Many of us perform and try to make our lives look so good on paper because we use the same method of trying to feel safe as when we were children. But we are adults now, we have our security in in our own hands. We don’t even know why we do it anymore, other than it feels good when you have a lot going on, good when you’re rushing towards big goals. But achieving them rarely satisfies us with the feeling we want, as long as we keep carrying around our old feelings of sadness and inadequacy. As long as we continue to believe that the value of who we are is somehow affected by what we do, when we are already all we need to be. We are already full members of this world. We are valuable, we belong and we are worthy of being loved just as we are.

This same pattern underlies many different expressions of psychological malaise, all from depression, anxiety, eating disorders, and obsessive thoughts and actions… All with the same basis, that something we experienced as a child, be it infant, toddler, school child or teenager, made us believe that we were not enough, but that the problem could be fixed as long as we were. This paints a bleak picture of our society. But I hope it also paints a picture of hope. We can influence our own well-being, just not in the way we think! The solution is not to take control of your life, trying more, achieving more… the solution is to stop, listen inwardly, allow our feelings and see why we feel so inadequate. The solution lies in talking about these experiences of inadequacy with each other and see that we are not alone. See that it was never about me. It was about a society where we have all been misled that we are adequate just as we are, where we all trying to be better, and in so doing infecting and passing on that false perception to each other.

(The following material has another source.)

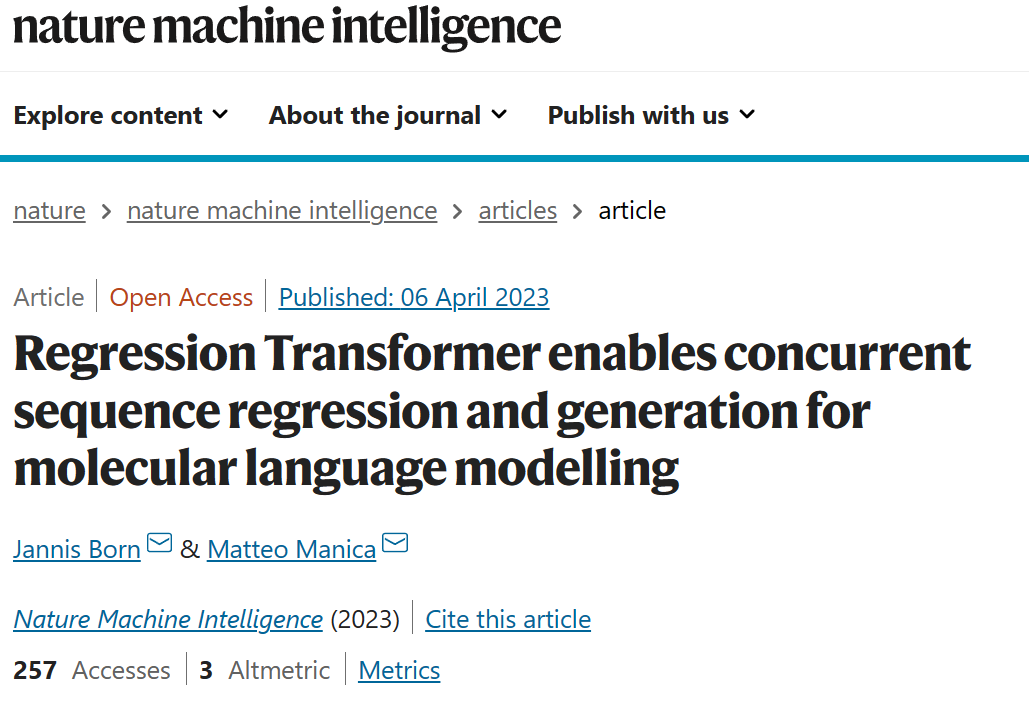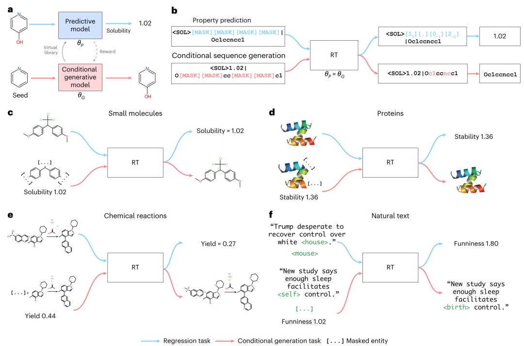 最近发表在 Nature Machine Intelligence 的这篇文章提出了一种将回归抽象为条件序列建模问题的方法,称为回归转换器(Regression Transformer,RT)。这是一种新型的多任务模型,可以在数字和文本标记的组合上进行训练,与 Transformer 中处理回归的规范方式不同。这为多任务语言模型引入了一个新的方向,无缝地桥接了序列回归和条件序列生成。他们证明,尽管使用标称尺度(nominal-scale)训练目标,Regression Transformer 在小分子、蛋白质和化学反应的性质预测中的效果,可能超过常规回归模型的性能。

The hope is in stopping. Talk to a friend. Caring about your respective. Saying nice things to each other yourself. Running a hot bath. Light a candle. Take a quiet walk. Petting your cat. Anything where we stop in the moment for a moment of pleasure, a signal to ourselves that all is well as it is. I am fine as I am. And over time to start believing more and more that I don’t need to prove my worth to anyone, at all least of all myself. We get rid of inadequacy by reinforcing the opposite, by acting in such a way as to show ourselves that we are individuals worth taking care of.

All the things I mentioned above are such ways, but sometimes they are not enough and we need outside help to break the patterns we have fallen into. Then the biggest and finest step we can take is to show ourselves that we are important to seek professional help. For many, this is no small step to take, but remember that the very act of reaching out to ask for help is a great healing act in itself, a act that affirms your value as an emotional person.